▶ **Task item**
Copy exactly the lines of the data below that run from the line holding "德国用电负荷功率(黑线)和光伏发电功率(彩色颜色表示不同月份)图" through the line holding "男性向けラノベタイトル風あだ名 | 『魔弾の王とウリア』 |", both ends included.

▶ **Exercise data**
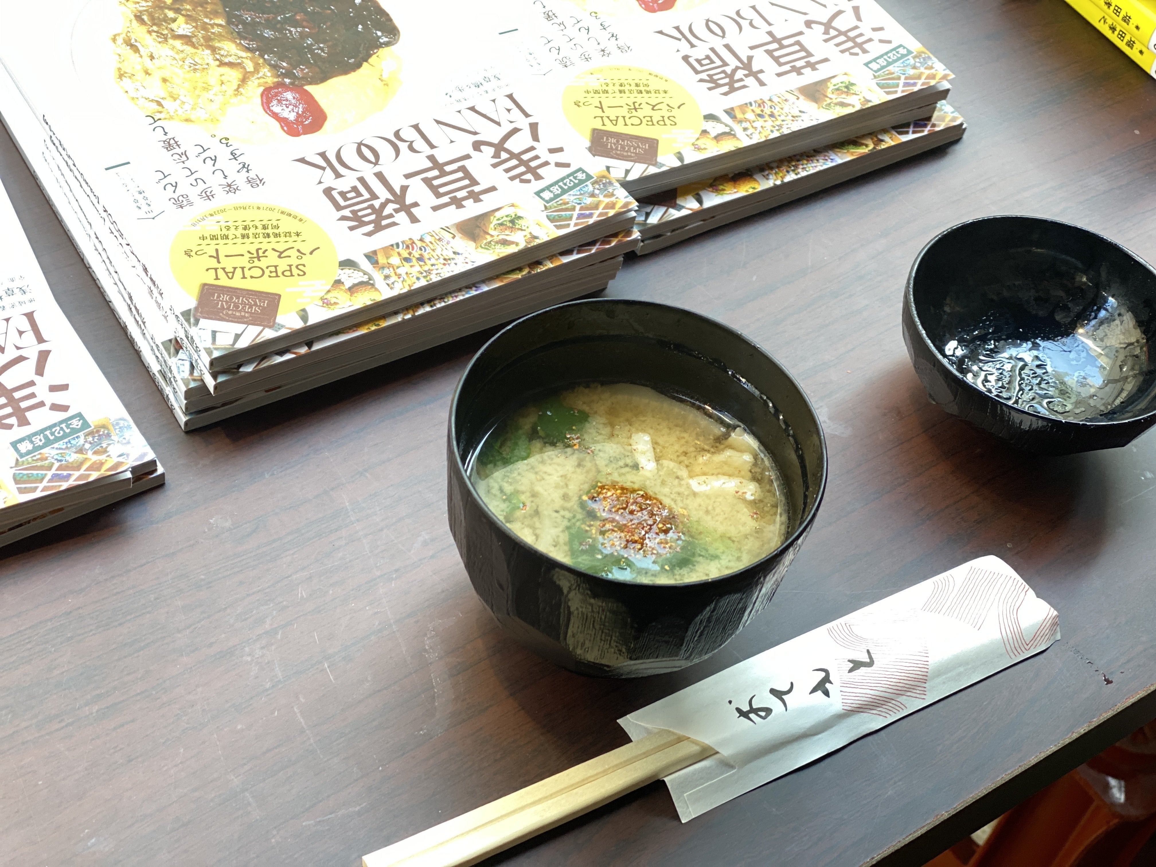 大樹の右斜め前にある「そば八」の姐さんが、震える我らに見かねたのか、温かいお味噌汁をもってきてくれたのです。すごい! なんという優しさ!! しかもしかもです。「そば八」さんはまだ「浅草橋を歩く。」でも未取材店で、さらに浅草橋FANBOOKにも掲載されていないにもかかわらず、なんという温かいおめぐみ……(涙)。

--

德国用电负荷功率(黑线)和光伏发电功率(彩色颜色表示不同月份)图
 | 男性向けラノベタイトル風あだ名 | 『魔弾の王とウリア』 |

▶ **Result**
德国用电负荷功率(黑线)和光伏发电功率(彩色颜色表示不同月份)图
 | 男性向けラノベタイトル風あだ名 | 『魔弾の王とウリア』 |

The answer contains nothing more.